Com as pizzas suficientemente revolvidas nos pratos decidimos que era chegado o momento de sair do restaurante. Trocámos cartões de visita e prometemos que nos contactaríamos em breve. O Silvino insisitiu ainda que devíamos tratar-nos por tu e explicou porque é que conduzia um mísero Peugeot 206 a gasóleo: "é que assim é mais discreto". Por meias palavras deu a entender que tinha imenso dinheiro mas que as suas actividades económicas menos legais estariam em risco se se deslocasse num carro de rico. "Assim, a polícia quando me manda parar nem imagina que eu, às vezes, trago comigo milhares e milhares de euros nesta mala".

3 de outubro de 2003

Angel - The End

A angel foi o meu primeiro amor cibernético. Se calhar é por isso que gosto tanto dela. Foi a primeira pessoa que me disse “Sorry. I am not into cyber sex”. Fiquei admiradíssimo. Não foi por causa de gostar daqueles conversas eminentemente sexuais; foi porque eu pensava que todos os frequentadores daqueles lugares só queriam uma coisa. A angel foi a primeira que disse que não e, contudo, fiquei a falar com ela. Ainda hoje não sei porquê.

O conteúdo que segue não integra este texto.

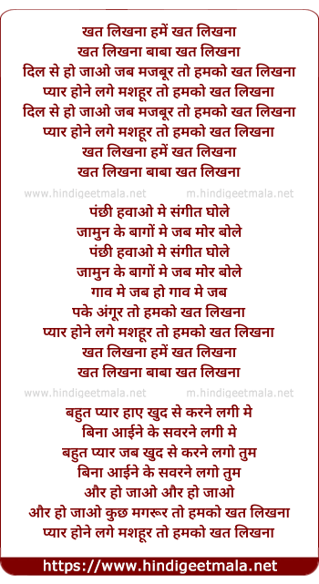 Lyrics of Khat Likhna Humme Khat Likhna - खत लिखना हमें खत लिखना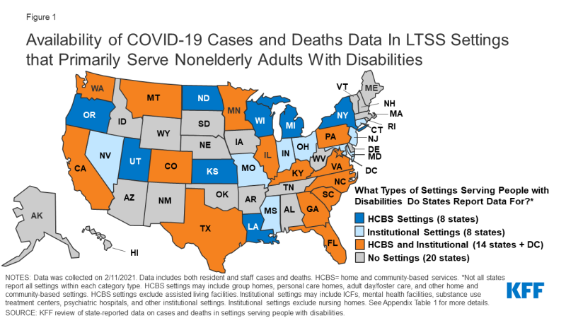 As of February 11, 2021, 31 states report at least some data on COVID-19 cases and deaths in LTSS settings that primarily serve nonelderly people with disabilities (Figure 1 and Appendix Table 1). These settings include both home and community-based settings such as group homes, personal care homes, adult day programs, and other community-based settings; and institutional settings such as intermediate care facilities and psychiatric institutions. Not all states report all types of settings within each category. These data exclude settings that primarily serve elderly adults, such as nursing facilities and assisted living facilities (ALFs), to best reflect cases and deaths solely among nonelderly adults with disabilities. For state-level data broken out by resident/staff cases/deaths, details on the types of facilities included in each state’s count, dates of data, links to the state reports, and additional notes, see Appendix Table 1.
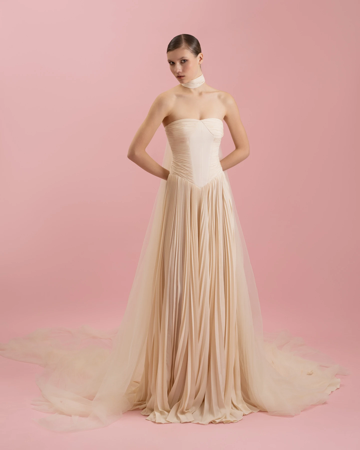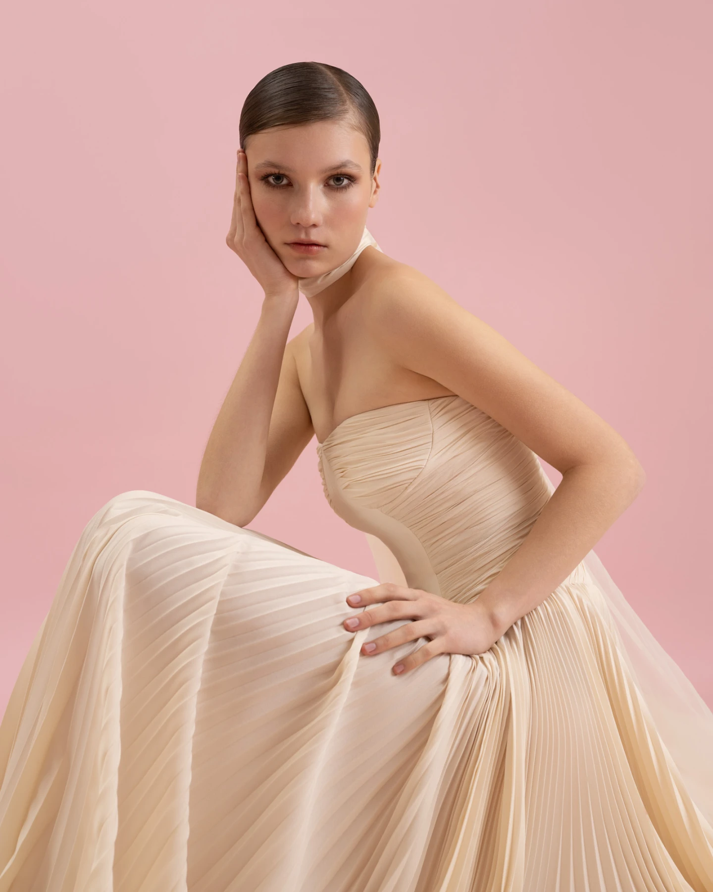 Step into the dreamy bridal room, where a curated collection of ready-to-wear gowns awaits, each a masterpiece of craftsmanship, every stitch and bead telling its own story. Soft light caresses the fabrics, revealing delicate textures, flowing silhouettes, and exquisite details that make each gown unforgettable. Alongside these, custom-made bridal dresses transform personal visions into one-of-a-kind creations, crafted with unparalleled devotion and artistry. From the first encounter with a gown to the final fitting, every moment is designed to leave a lasting impression and create memories to cherish forever.

Se estou arrependido? Não sei. Acho que não. Nunca me tinha apetecido escrever um livro antes de a conhecer. Mentira. Apetece-me escrever um livro sempre que estou na merda. Mentira. Apetece-me escrever um livro sempre que estou apaixonado. Também me apetece escrever um livro sempre que leio um livro de que gosto muito, mas como leio pouco, foram mais as vezes em que a paixão me motivou.

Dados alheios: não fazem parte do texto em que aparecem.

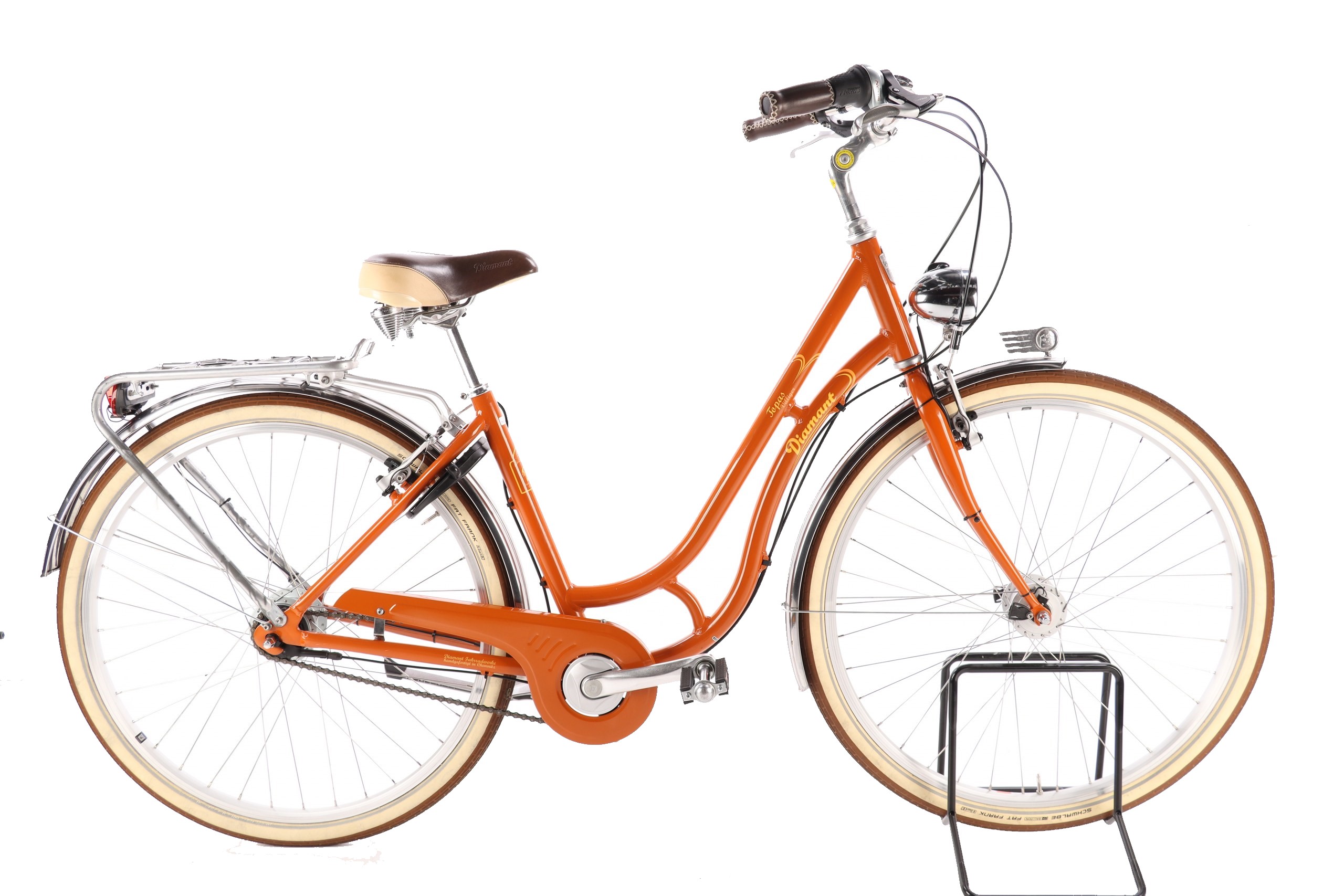 | Wyposażenie dodatkowe: | osłona łańcucha, bagażnik, dzwonek, stopka, oświetlenie, błotniki |

A angel não me pôs a escrever livros, no entanto, fartei-me de lhe enviar mensagens electrónicas. O mal foi quando lhe falei do meu “estado civil” e ela voou. Aí entrei em parafuso. Passei algumas horas à procura de um computador no sul de França, onde estava de férias, a mandar-lhe mensagens românticas em que chorava a minha desgraça. Como estava a decorrer o festival de cinema de Cannes, achei que era boa ideia mandar-lhe alguns e-mails em nome de artistas de cinema. Como era de esperar, ela não resistiu a tanto charme. Quem pode ficar indiferente a uma mensagem assinada por Jeremy Irons em que ele diz que me viu na rua e ficou assustado com o meu ar triste e abatido. E continuava, como se eu e a vedeta fossemos amigos de longa data, a explicar que eu estava assim triste porque tinha conhecido uma rapariga fantástica que não me passava bola porque eu lhe tinha mentido. E depois o Jeremy assinava todo o tipo de cunhas: “fala com ele, angel”, “dá-lhe uma hipótese”, “o Paulo sempre foi um tipo fantástico”.
As cunhas do Jeremy Irons funcionaram, já para não falar nas dos irmãos Taviani. Na altura achei que dava uma certa pinta escolher os Taviani. A angel parecia-me suficientemente ilustrada para saber que eles existiam e, por outro lado, dois realizadores europeus ficariam sempre bem a interceder por mim. E fizeram-no em diálogo. Escusado será dizer que o texto roçava a genialidade. E numa língua estrangeira! Se provas fossem precisas, bastava contar que ela me respondeu imediatamente na vez seguinte em que a encontrei na rede. Fiquei contentíssimo por ela falar comigo outra vez e resolvi atirar-me de cabeça. Caí mal. Ela nunca mais me ligou nenhuma.
Voltei a vê-la num chat semanas depois e ainda lhe disse olá. Ela respondeu-me: “estou ocupada”.